*The data*

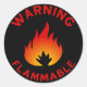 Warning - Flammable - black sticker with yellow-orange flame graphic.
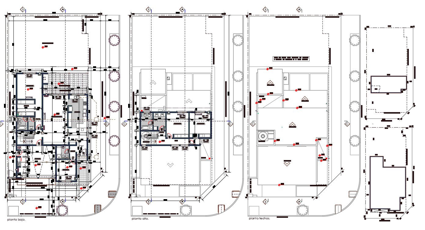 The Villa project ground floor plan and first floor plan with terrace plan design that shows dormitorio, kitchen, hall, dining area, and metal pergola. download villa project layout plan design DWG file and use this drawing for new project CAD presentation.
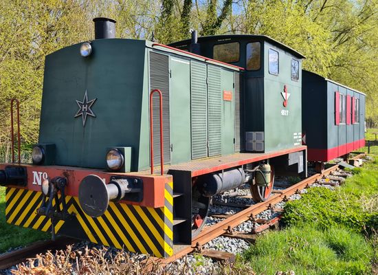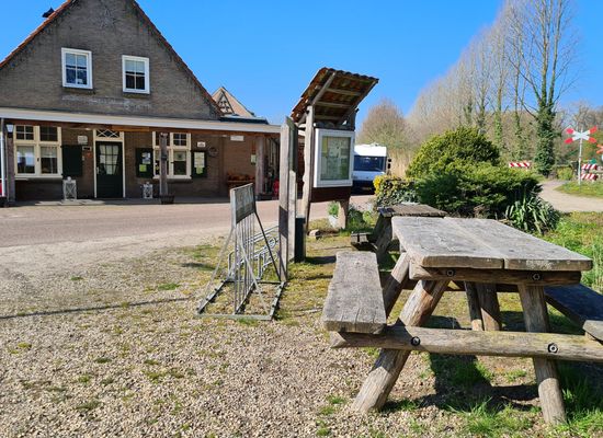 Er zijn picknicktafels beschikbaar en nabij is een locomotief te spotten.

--

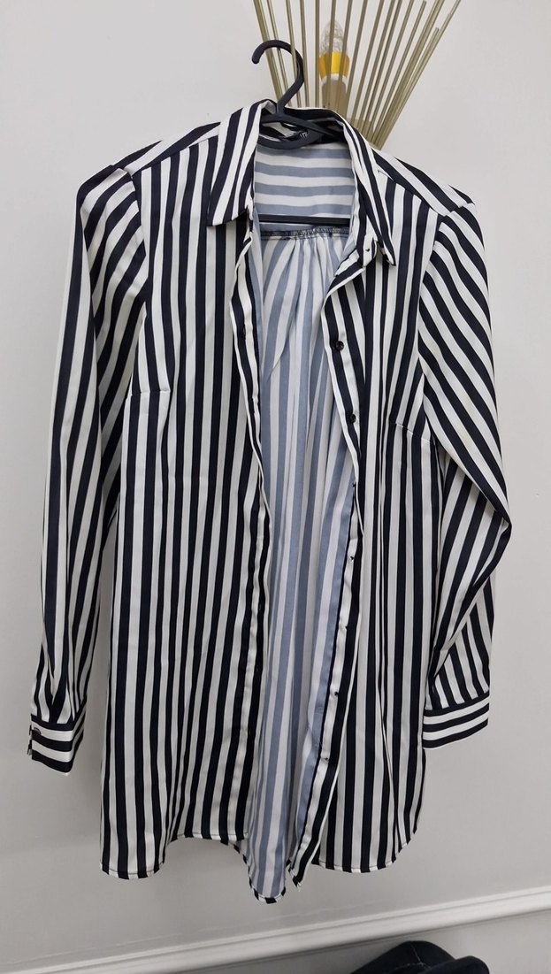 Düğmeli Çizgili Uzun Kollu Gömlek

*Task objective*
Transcribe, word for word, the lines of the listing above from the one that contains "The Villa project" through the one that contains "Er zijn picknicktafels", keeping both ends and dropping the pictures.

*Output below*
 The Villa project ground floor plan and first floor plan with terrace plan design that shows dormitorio, kitchen, hall, dining area, and metal pergola. download villa project layout plan design DWG file and use this drawing for new project CAD presentation.
 Er zijn picknicktafels beschikbaar en nabij is een locomotief te spotten.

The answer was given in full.